Zwyczajnie przechodzisz przez przejście dla pieszych na zielonym świetle, a tu jakiś dziadyga za kółkiem trąbi na Ciebie i wymachuje rękoma – pytam się o co chodzi. Pośpiech jest sprzymierzeńcem piekła.
Dzwonisz do rodziny, chcesz zamienić kilka słów, a oni do Ciebie zdawkowo, wyraźnie dają odczuć, że jesteś czemuś winny, coś zrobiłeś nie tak. Pytam się o co chodzi? Ukryty żal, brak rozmowy.
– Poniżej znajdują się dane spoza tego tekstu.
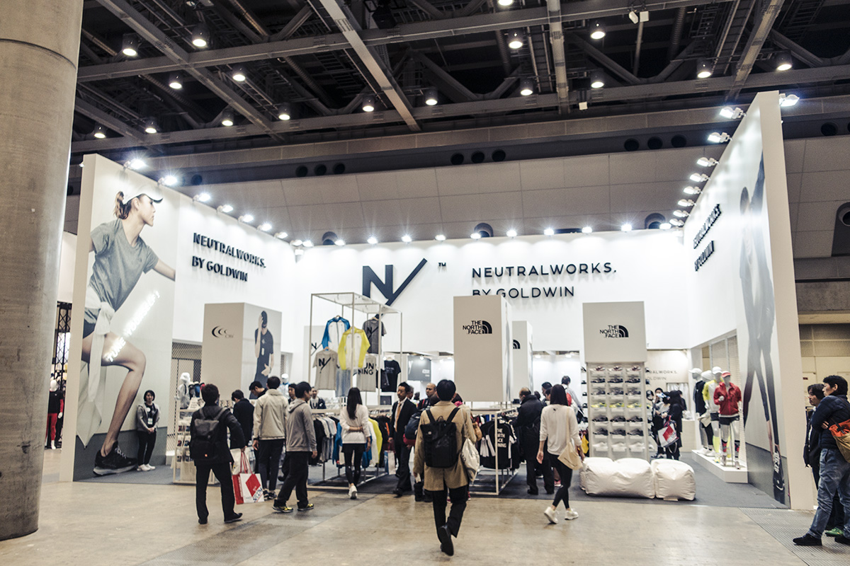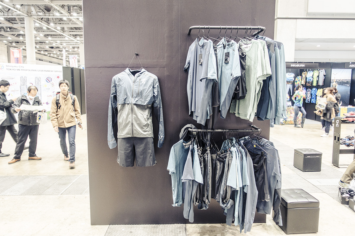 ゴールドウインが出展する『NUTRALWORKS.(ニュートラルワークス)』のブースは、外苑前にある店舗の雰囲気がうまく再現されていました。お洒落なロゴが配されたオリジナルアイテムを中心にTHE NORTHFACE(ザ・ノースフェイス)やC3fit(シースリーフィット)のランニングウェアやシューズがバランス良く置かれ、店舗でお馴染みの『REBOOT STRETCH(リブートストレッチ)』が出張ブースを設けています。

Kolejni sprzymierzeńcy piekła.
Skoro ja czegoś nie mogę innym też nie pozwolę zrobić. Zazdrościmy sobie pieniędzy, pozycji, szczęścia, miłości, pielęgnujemy w sobie gniew, użalamy się nad sobą, wymagamy od innych, pobłażając sobie – cudne wprost podwaliny piekła.
Piekło to my.
Na szczęście Niebo to też my!
Jedno życie aby zbliżyć się albo do Nieba albo do Piekła. Wybór należy do mnie*
*nie pójdę jednak w stronę Nieba nie zaznając chamskiego smrodu Piekła.
Obym zawsze znalazła drogę do Nieba, do ludzi dobrych i życzliwych.